Да, от Сергея меньше всего можно было ожидать простой человеческой логики. Он жил, слушаясь только своей интуиции и каких-то внутренних импульсов. Трудно было сказать, что побудило его посреди ночи оказаться в вольере с морскими львами. И все же, даже учитывая его характер, в смерти его было слишком много необычного и таинственного, слишком много странного для простого несчастного случая. Все это чувствовали, только одни, как Ванда, пытались объяснить происшедшее сверхъестественными причинами, а другие, как я, продолжали ломать над этим голову.

Сергея похоронили, но жизнь продолжалась. Снова возобновились представления в «Дельфиньем озере», и никто из публики и не догадывался, что им не показывают самых крупных звезд дельфинария — северных морских львов. Как мне рассказали, вернулась из Москвы Лиза и поселилась одна в домике Сергея; тренеры молчаливо согласились, чтобы она выполняла всю работу по хозяйству и заодно помогала им со зверями.

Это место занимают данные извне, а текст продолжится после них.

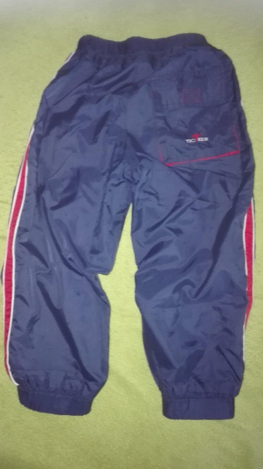Tepláčiky zn. Frog, výborne sedia na postave. Písaná veľkosť 98/104 - kľudne ich môžete nosiť už od 98. Majú dva vačky, farba už nie je ako nová, ale nič im nie je, nemajú fľaky ani diery.

Говорили, что другого дома у нее не было.

Меня заинтересовала история этой женщины, но никто не мог рассказать мне о ней больше того, что уже поведал Антонов. Не знаю, что за человек был ее муж, от которого ее увел Сергей, но возвращаться к нему она не собиралась. Где жили ее родственники и были ли они у нее, никто не имел ни малейшего понятия. Единственное, что я о ней узнала, — это то, что незадолго до трагедии на соленом озере с ней чуть не произошел несчастный случаи: она полоскала белье на берегу моря, довольно далеко от отвесных скал, когда произошел камнепад. Но все закончилось благополучно, хотя она сильно испугалась; напоминанием об этом случае осталась тугая повязка на руке — единственный задевший ее камень повредил локтевой сустав.

Постепенно вошла в прежнюю колею и жизнь на самой биостанции. Люди снова стали от души веселиться и смеяться, не спохватываясь, что это выглядит неприлично. Я тоже наконец вспомнила, что приехала сюда в отпуск и собиралась провести его так, чтобы впечатлений хватило на целый год. Приятных впечатлений — неприятных мне и так хватит надолго. Но легко сказать себе: все, я об этом больше думать не буду, — зато как трудно это выполнить! Полная решимости не думать больше о смерти Сергея, мрачная и несчастная, я бродила по лагерю и его окрестностям.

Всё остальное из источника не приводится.